Nau mai, haere mai, welcome to eyeCONTACT, a forum built to encourage art reviews and critical discussion about the visual culture of Aotearoa New Zealand. I'm John Hurrell its editor, a New Zealand writer, artist and curator. While Creative New Zealand and other supporters are generously paying me and other contributors to review exhibitions over the following year, all expressed opinions are entirely our own.

Wednesday, July 22, 2009

Architectural drawings

From perfumery to radio station: The evolution of an Auckland architectural practice
(Plus) New Zealand architecture in perspective: 150 years of architectural drawing
Gus Fisher
3 July - 12 August 2009

These two shows examine the role of drawing – nondigital in this point of architectural history – in building design. One looks at one firm close up, using the plans and elevations it submitted to clients. The other looks at rendered building proposals from several, using perspectival drawing methods.

The ‘perfumery show’ is the better one, having a tighter focus and a site specific installation using the inlaid marquetry toolbox owned by Henry Greensmith Wade. He was a partner in Wade & Bartley who in 1934 designed 1YA which later became the Kenneth Myers Centre in which the Gus Fisher is now housed. The exhibition features many delicate, detailed, ink and wash working drawings for that project, plus others from the 130 year history of Matthews and Matthews into which Wade & Bartley become incorporated.

For the other exhibition Canterbury art historian Ian Lockhead has selected an assortment of perspectival drawings created using various media. The drawings are quality artworks in themselves, especially the looser Scott and Pascoe ones which I particularly enjoyed. There are however too many, and the display is completely upstaged by the works in the adjacent rooms next door.

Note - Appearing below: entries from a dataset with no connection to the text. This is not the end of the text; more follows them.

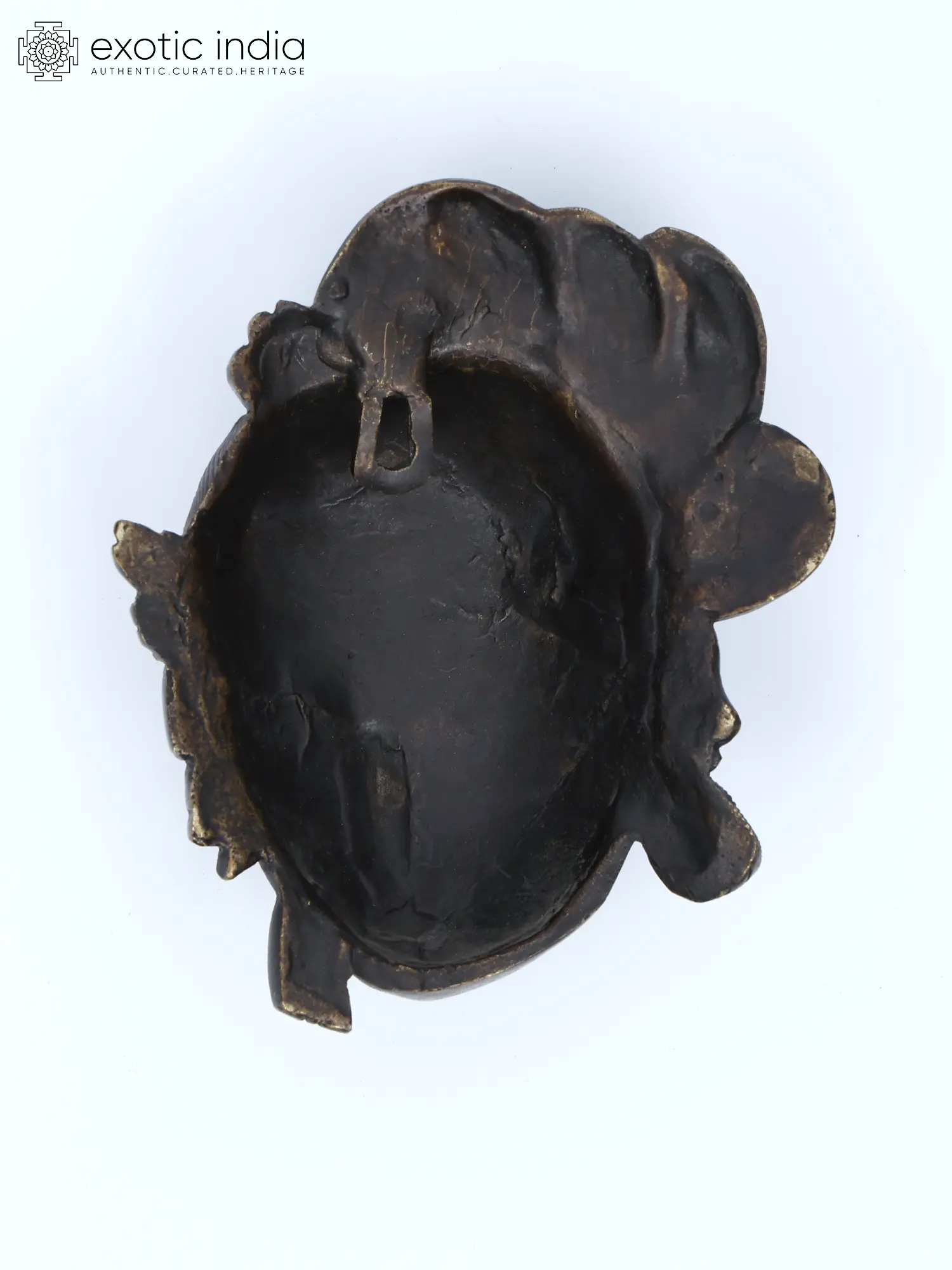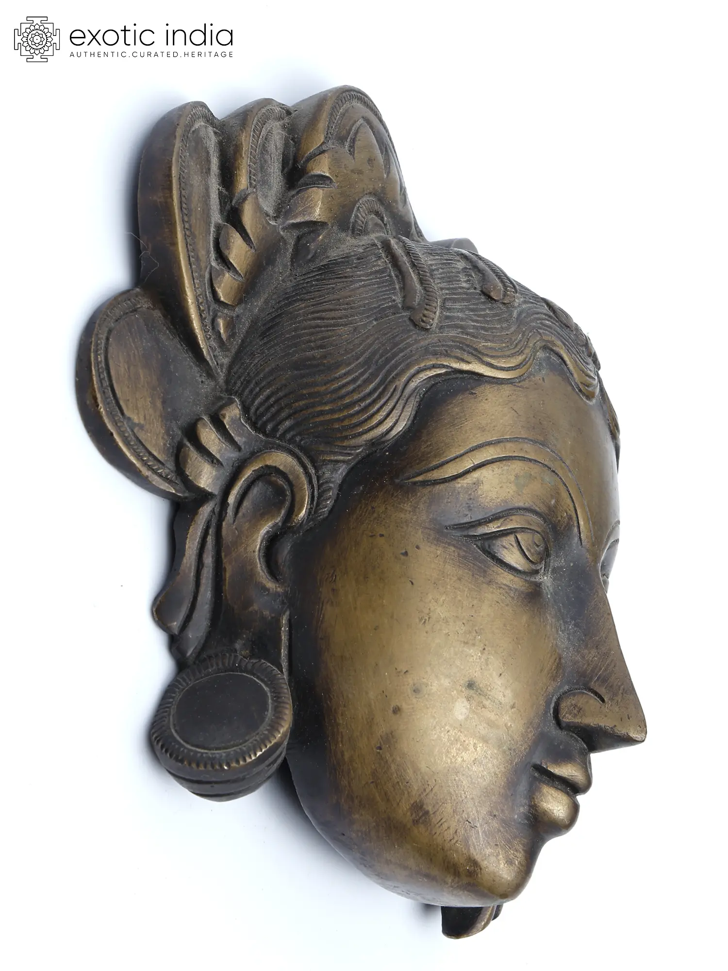 The hollow casted brass statue is adorned with traditional hair ornamentation, curly tresses framing the face, and round earrings.
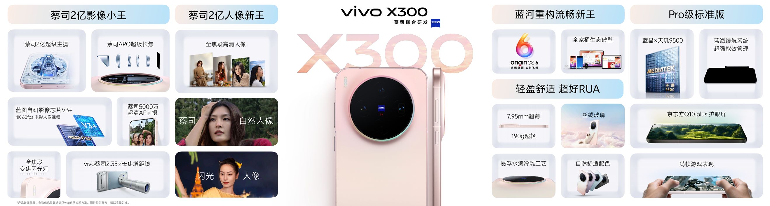 定位“蔡司2亿影像双旗舰”的vivo X300系列在vivo X300 Pro上带来了蔡司APO 2亿超级长焦能力再突破,并在vivo X300上实现了蔡司2亿超级主摄的突破性升级。vivo X300系列搭载的蓝晶×天玑9500旗舰平台,与vivo自研蓝图影像芯片V3+“双芯合体”,带来行业领先的4K视频创作能力。此外,vivo定义天玑9500的影像超能效NPU区域,大幅提升运动抓拍能力。在影像实力跃升的同时,vivo X300系列也带来了旗舰性能的全面进化,实现vivo X300 Pro在室温环境下安兔兔跑分突破410万大关。vivo X300系列还搭载由“蓝河流畅引擎”技术重构的全新OriginOS 6,具备优异的持久流畅表现。
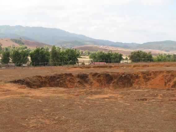 The following day, we took a tour around Phonsavan. It included seeing bomb craters made by the Americans during the secret war in Laos, visiting a Hmong Village, trekking to a waterfall, and seeing the Plain of Jars. Here is one of many bomb craters left by America during the "secret war" (it took some time before Congress found out about it).
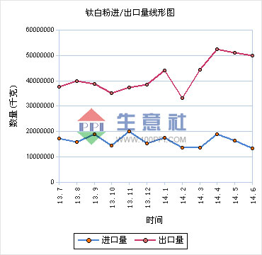 2013年下半年至2014年上半年鈦白粉進(jìn)出口數(shù)據(jù)(圖片來源:生意社)
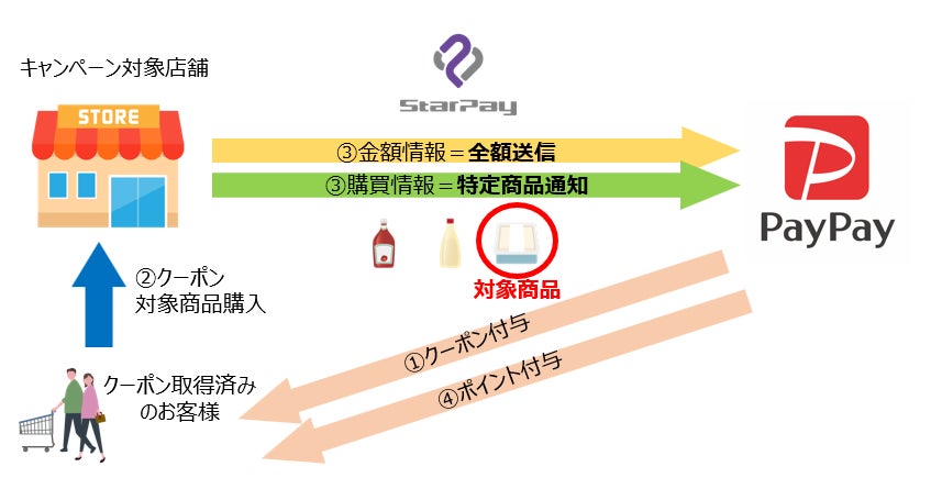 お客様はPayPayアプリより商品特定クーポンを事前に獲得します。対象のStarPay加盟店でクーポン対象商品を「PayPay」で購入すると、クーポンが適用され、後日ポイント付与されます。PayPayはStarPayから取得したデータを元に、クーポンやキャンペーン施策を行ったメーカー側へ効果測定などのフィードバックが行えます。

Even though the drawing structure there is different planarly, the similarities with line and wash, and the presence of each proposed building’s unity of concept and interlocking drawn graphic components, make the Matthews and Matthews show much much richer. Plus – as in the case of the beautiful Kenneth Myers Centre - you are actually in the building under scrutiny. You can wonder at the imaginative use of drawing as an essential aid to its construction, and enjoy the textures, forms, and prioperceptive bodily sensations of the final spatial result.